Marvell forecast adjusted earnings of 56 cents to 62 cents a share on revenue of $1.51 billion to $1.61 billion for the third quarter.

Analysts had estimated earnings of 61 cents a share on revenue of $1.58 billion for the third quarter.

That’s right on the heels of chip giant Nvidia Corp.
NVDA,
+4.01%

forecasting late Wednesday that third-quarter sales would likely fall about $1 billion short of Wall Street expectations.

Marvell reported second-quarter net income of $4.3 million, or a penny a share, versus a loss of $276.4 million, or 34 cents a share, in the year-ago period. Adjusted earnings, which exclude stock-based compensation expenses and other items, were 57 cents a share, compared with 34 cents a share in the year-ago period.

Revenue rose to $1.52 billion from $1.08 billion in the year-ago quarter.

Analysts surveyed by FactSet had forecast 56 cents a share on revenue of $1.52 billion, based on the company’s forecast of 53 cents to 59 cents a share on revenue of $1.47 billion to $1.56 billion.

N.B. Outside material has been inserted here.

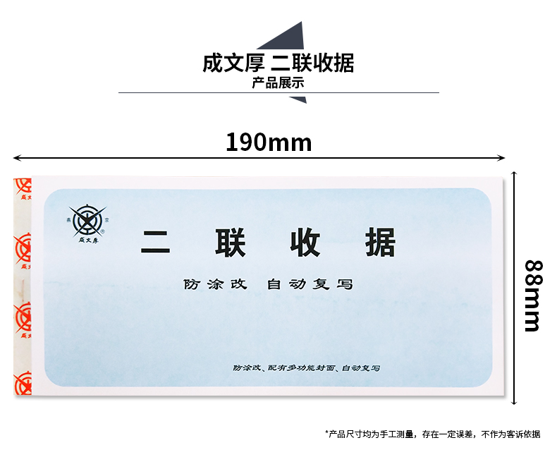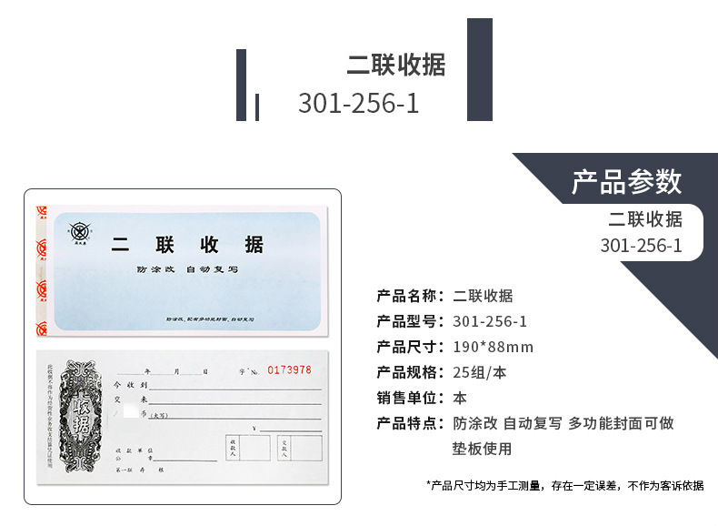 成文厚二聯(lián)收據(jù)本 256-1 二聯(lián)無碳復(fù)寫收據(jù)防涂改 單位:本

“Looking ahead, we expect sequential revenue growth to accelerate in the fourth quarter as supply constraints begin to ease,” said Matt Murphy, Marvell chief executive, in a statement. “We believe we are well positioned to continue to benefit from our favorable end market exposure tied to strong secular growth trends and significant expected upcoming revenue contributions from a number of Marvell specific product ramps.”